Interesse pelo hip hop
Em seus discos mais recentes, Cale diz que o trabalho geralmente começa com batidas ou com palavras (“umas ajudam a outras”, ensina).
— É sempre divertido sentar no estúdio e tentar levar adiante uma nova ideia musical. Não gosto de me repetir — diz ele, apreciador dos produtores surgidos nos últimos anos no hip-hop. — Comecei a prestar atenção em J Dilla e depois em Vince Staples, Earl Sweatshirt e Tyler, The Creator. Todos eles tinham umas atmosferas interessantes, que impulsionam sua música.
Para John Cale, subir ao palco é a razão de ainda continuar a fazer música, mesmo aos 82 anos.
— Sem o público na sua frente, você sabe, não exista vida! — justifica-se o músico, que desde o fim dos anos 1980, quando abandonou as drogas e descobriu o squash, busca um estilo de vida mais saudável. — Vou à academia todos os dias, depois tento encontrar um bom lugar para comer à tarde e aí volto e encontro meus músicos e decidimos o que fazer.

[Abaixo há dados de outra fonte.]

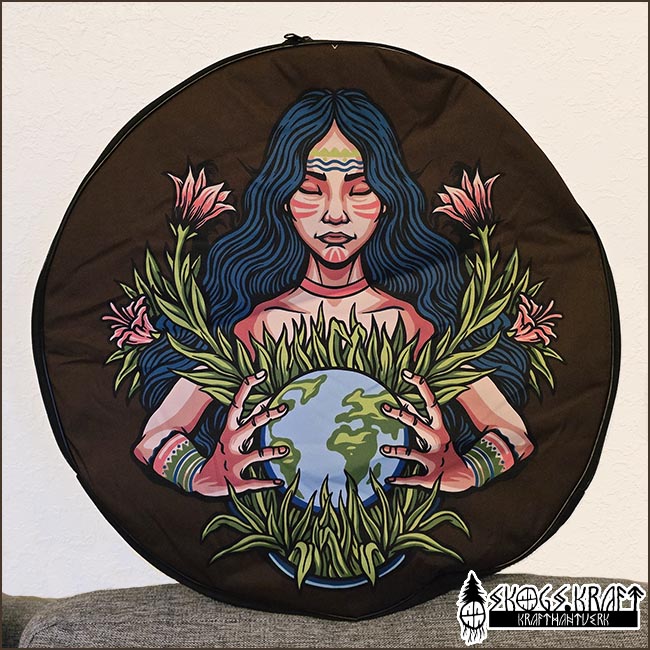 Trumväska med mönster, Moder jord med blommor. Passar för trummor upp till 55 cm.
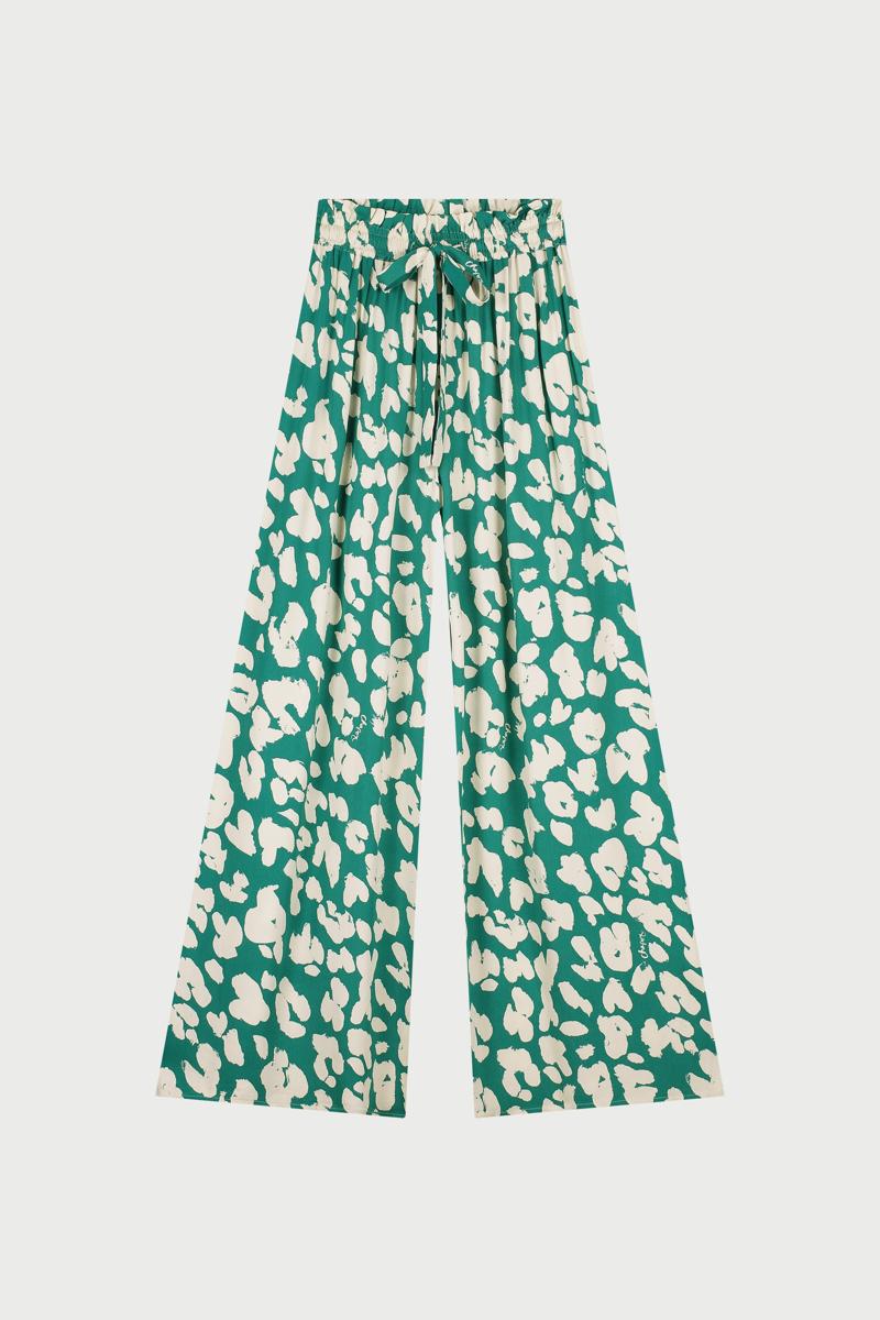 Dankzij de wijde pijp & paperbag taille past deze dames broek in de wide-leg en dopamine dressing trend. De frisse groentint en speels dessin werken zowel casual als feestelijk. Combineer met een wit T-shirt of satijnen blouse, sandalen of sneakers; voor avond met hakken en een blazer. Draag naar kantoor, citytrip of een brunch.

Agora que vamos sair em turnê, estamos preparando muitas músicas novas, porque o show será grande.
Num mundo que hoje não tem mais David Bowie e nem Lou Reed, Cale diz se sentir um privilegiado por ter vivido tudo o que viveu:
— Os dois fazem parte de períodos da minha vida que nunca vou esquecer. Fico muito feliz por ter tido a experiência que tive com eles, tenho muito orgulho disso.